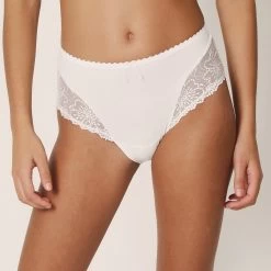 Elegant high-waist briefs with shimmering embroidery that creates a light and feminine look that lengthens your silhouette. Completely opaque at the back for modesty. The perfect choice if you love comfort with an elegant look! Wear with any of the lovely Jane bras.Â
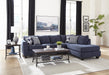 Add a bold splash of color and comfort to your space with this denim-blue sectional. With a classic silhouette and fun mix of patterned pillows, it’s relaxed but never boring. Made for casual hangs and stylish lounging.Deep navy denim-style upholstery with a durable weave
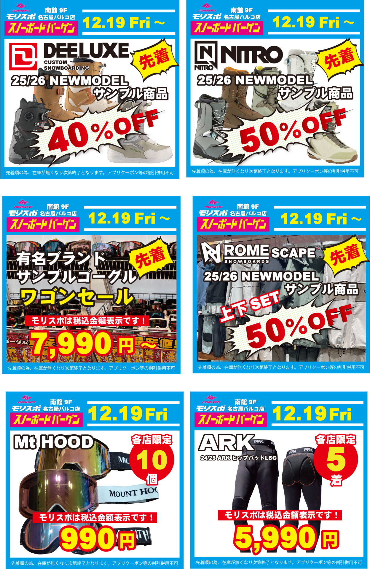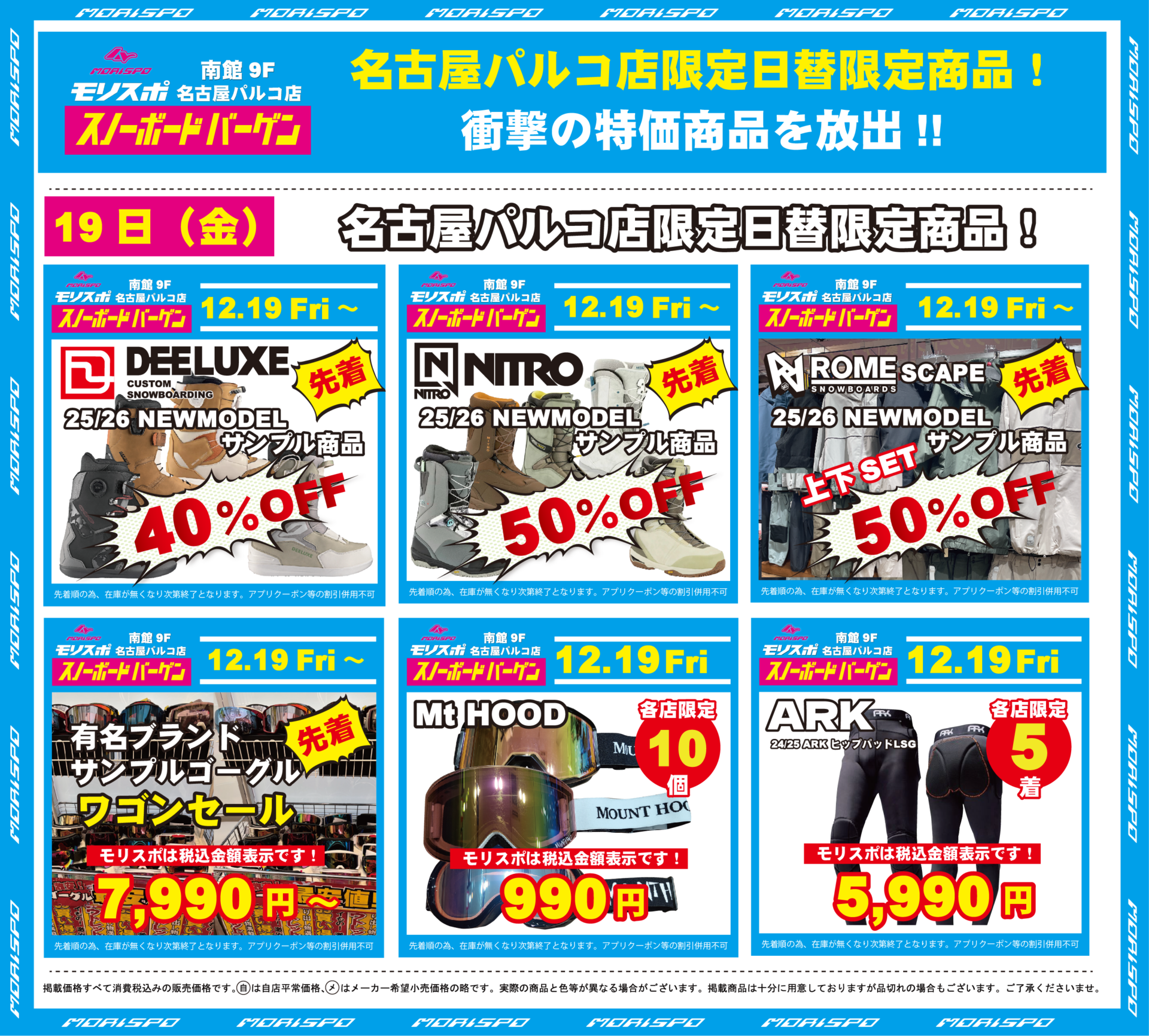 モリスポ名古屋パルコオープンセール 日替わり商品 12月19日(金)

▸ What is needed
After removing the pictures, transcribe the listing above exactly.

▸ Response for this exercise
 Elegant high-waist briefs with shimmering embroidery that creates a light and feminine look that lengthens your silhouette. Completely opaque at the back for modesty. The perfect choice if you love comfort with an elegant look! Wear with any of the lovely Jane bras.Â
 Add a bold splash of color and comfort to your space with this denim-blue sectional. With a classic silhouette and fun mix of patterned pillows, it’s relaxed but never boring. Made for casual hangs and stylish lounging.Deep navy denim-style upholstery with a durable weave
 モリスポ名古屋パルコオープンセール 日替わり商品 12月19日(金)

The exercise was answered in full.